### Required action
Make an exact copy of the records below, leaving every image out.

===== Information provided

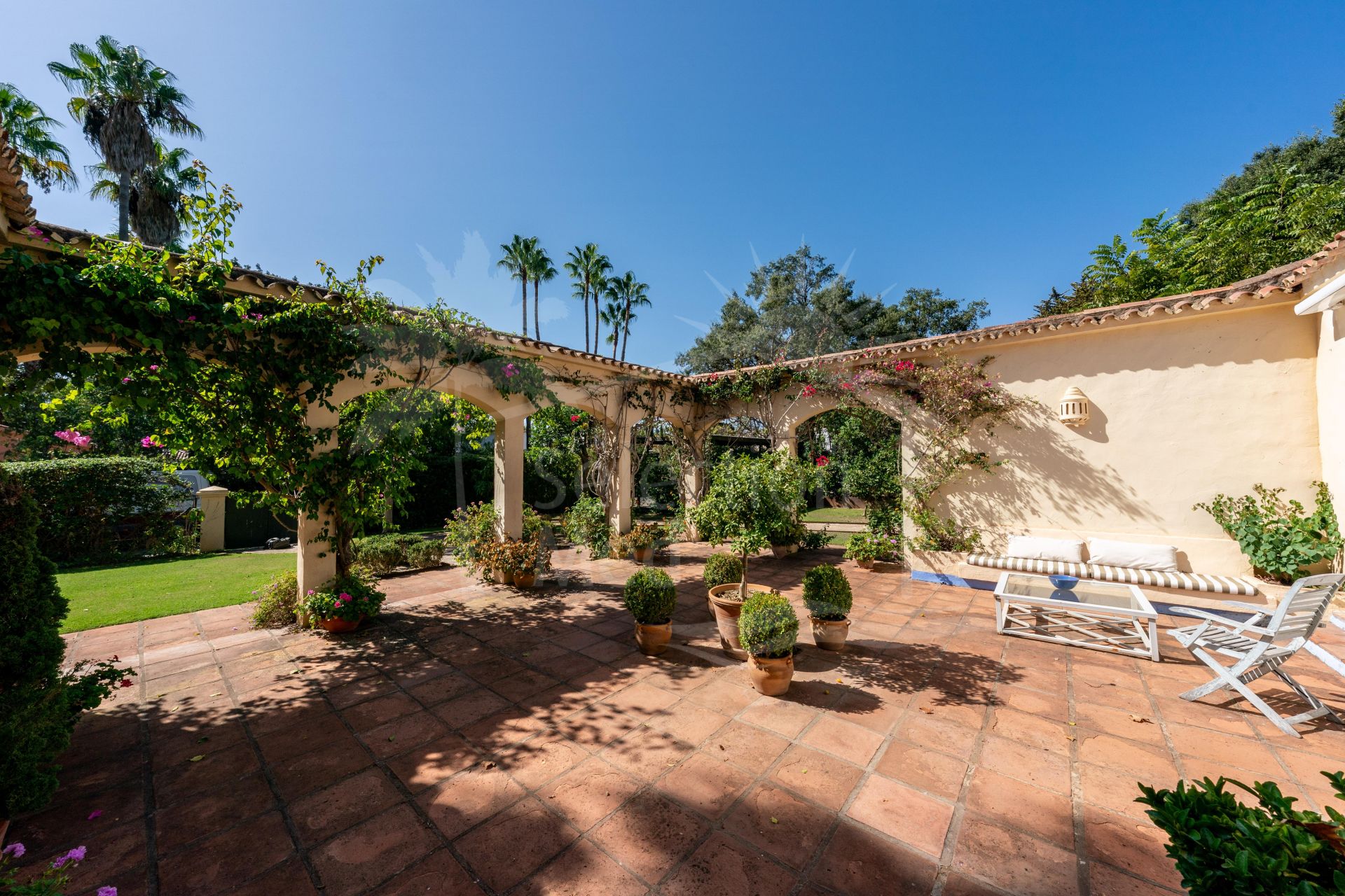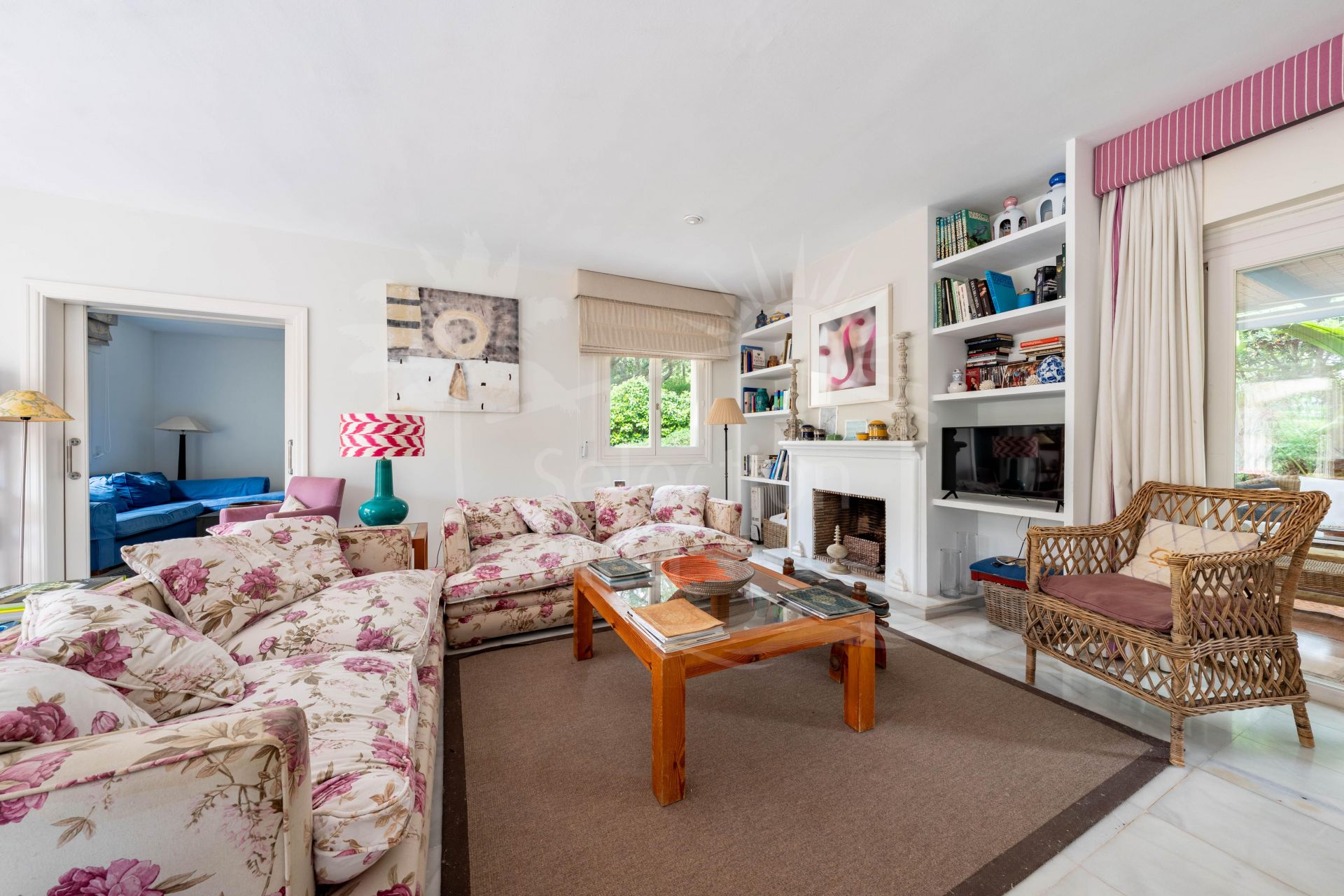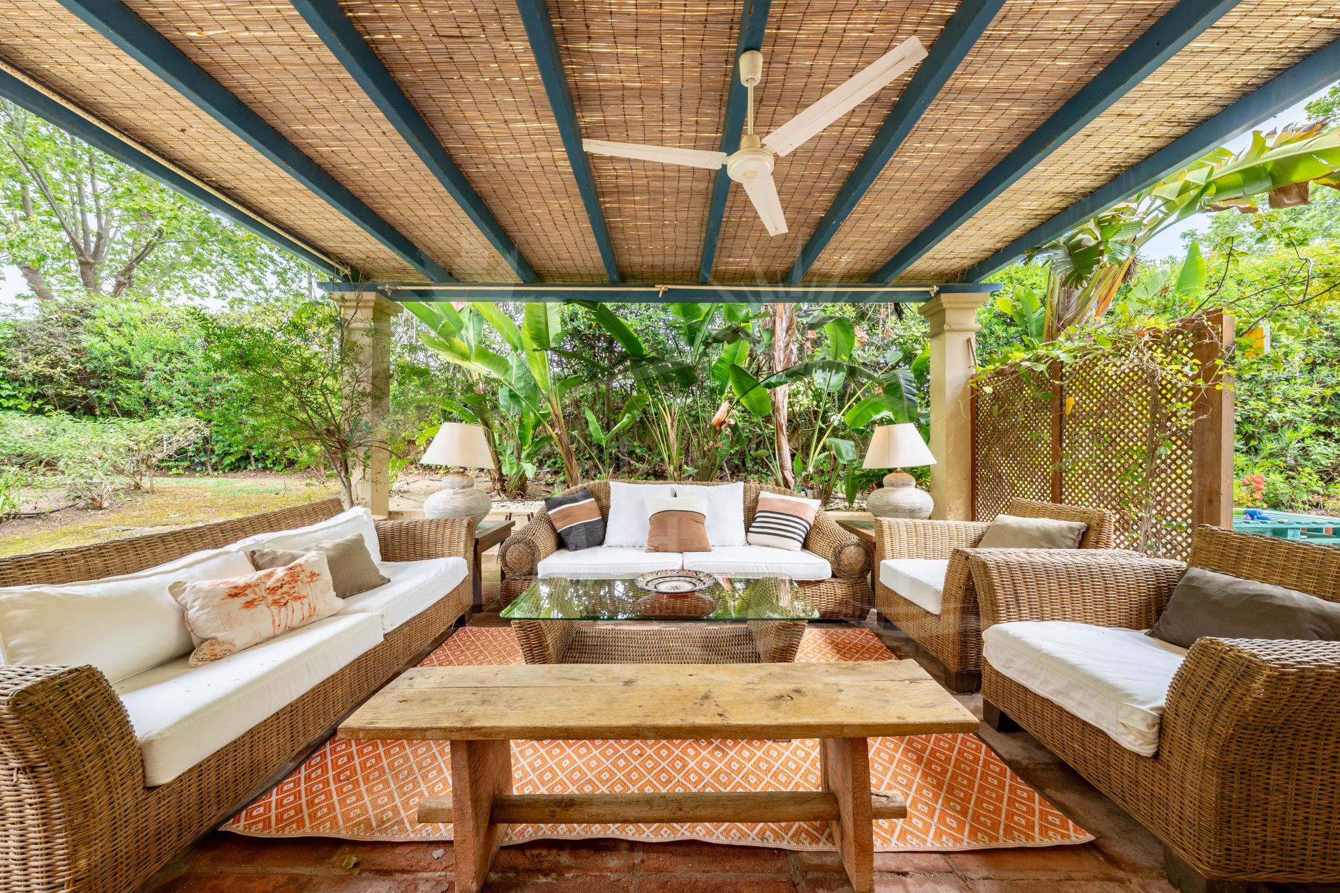 Located in the exclusive and quiet area of Triana, in Sotogrande Alto (Cádiz), this villa offers an exceptional opportunity for those looking for a functional residence in a natural and safe environment. The property stands out for its simple and practical architectural design, with spacious and well-distributed spaces. It has five bedrooms and four bathrooms, making it an ideal choice for both large families and those who enjoy entertaining in comfort. Outside, the villa has an extensive private garden of flat land, perfect for enjoying the outdoors in an environment dominated by cork oaks. In addition, residents have access to a communal swimming pool, ideal for enjoying the good climate of the area. The property also includes a carport, which offers a comfortable and secure parking solution. A property that combines privacy, comfort and a privileged location in one of the most sought-after areas of the Cadiz coast.
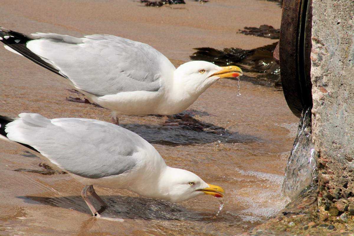 Чайки пьют воду.
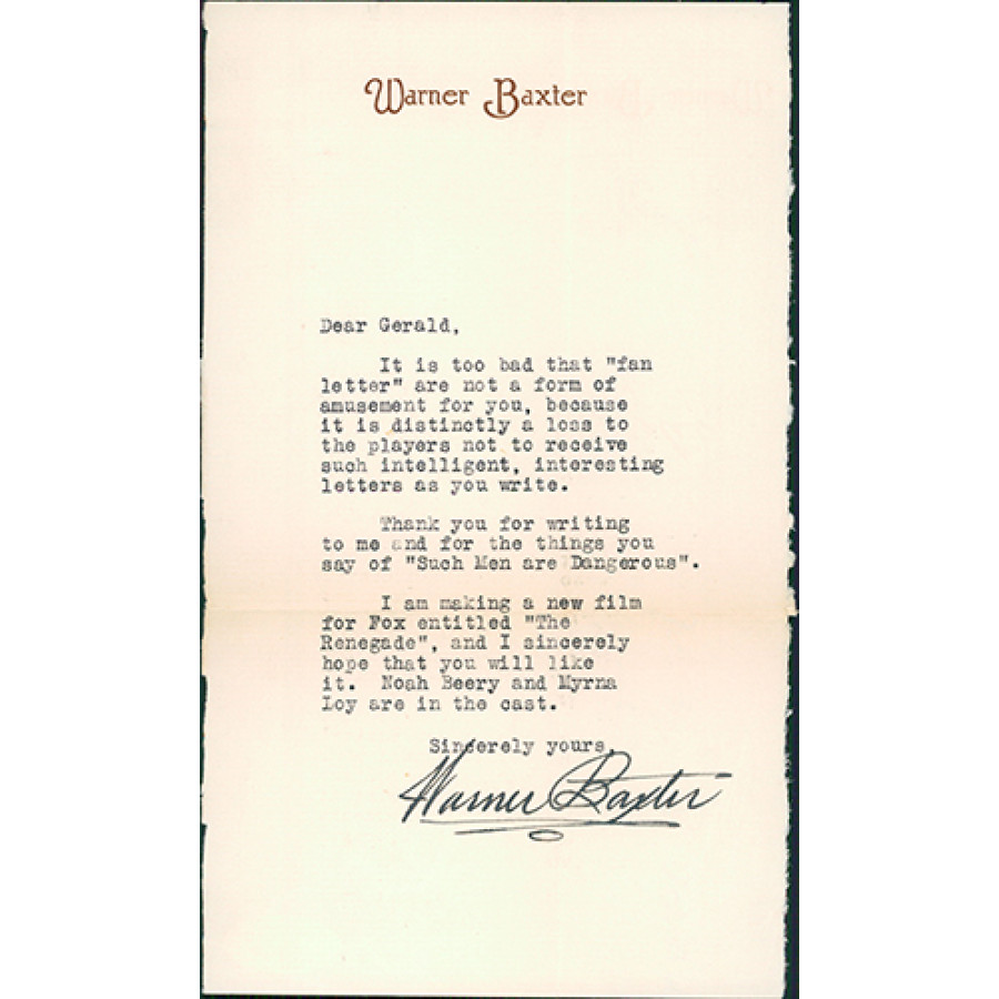 Signed Warner Baxter Typed Letter Response in black ink. This item has been certified by James Spence Authentication (JSA) with sticker affixed to item and matching card.
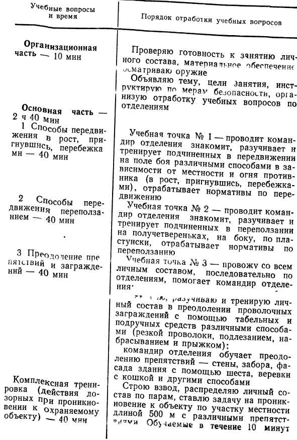 Тема: Передвижение на поле боя Занятие: Тактико‑строевое днем Учебная цель: научить личный состав скрытному и бесшумному передвижению, преодолению препятствий при выполнении разведывательных задач Время: 3 часа Материальное обеспечение: оружие и снаряжение – штатные, КРО – 1 компл; шесты – 2 шт, холостые патроны – 60 шт Руководства и пособия: Сборник нормативов по боевой под готовке, Учебно‑методическое пособие по одиночной подготовке, Строевой устав, Наставление по физической подготовке (НФП‑87)
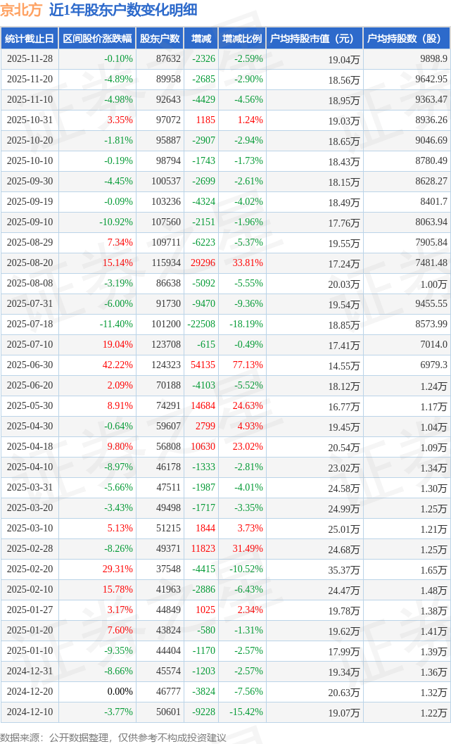 从股价来看,2025年11月20日至2025年11月28日,京北方区间跌幅为0.1%,在此期间股东户数减少2326.0户,减幅为2.59%。

==========

### Written reply
 Located in the exclusive and quiet area of Triana, in Sotogrande Alto (Cádiz), this villa offers an exceptional opportunity for those looking for a functional residence in a natural and safe environment. The property stands out for its simple and practical architectural design, with spacious and well-distributed spaces. It has five bedrooms and four bathrooms, making it an ideal choice for both large families and those who enjoy entertaining in comfort. Outside, the villa has an extensive private garden of flat land, perfect for enjoying the outdoors in an environment dominated by cork oaks. In addition, residents have access to a communal swimming pool, ideal for enjoying the good climate of the area. The property also includes a carport, which offers a comfortable and secure parking solution. A property that combines privacy, comfort and a privileged location in one of the most sought-after areas of the Cadiz coast.
 Чайки пьют воду.
 Signed Warner Baxter Typed Letter Response in black ink. This item has been certified by James Spence Authentication (JSA) with sticker affixed to item and matching card.
 Тема: Передвижение на поле боя Занятие: Тактико‑строевое днем Учебная цель: научить личный состав скрытному и бесшумному передвижению, преодолению препятствий при выполнении разведывательных задач Время: 3 часа Материальное обеспечение: оружие и снаряжение – штатные, КРО – 1 компл; шесты – 2 шт, холостые патроны – 60 шт Руководства и пособия: Сборник нормативов по боевой под готовке, Учебно‑методическое пособие по одиночной подготовке, Строевой устав, Наставление по физической подготовке (НФП‑87)
 从股价来看,2025年11月20日至2025年11月28日,京北方区间跌幅为0.1%,在此期间股东户数减少2326.0户,减幅为2.59%。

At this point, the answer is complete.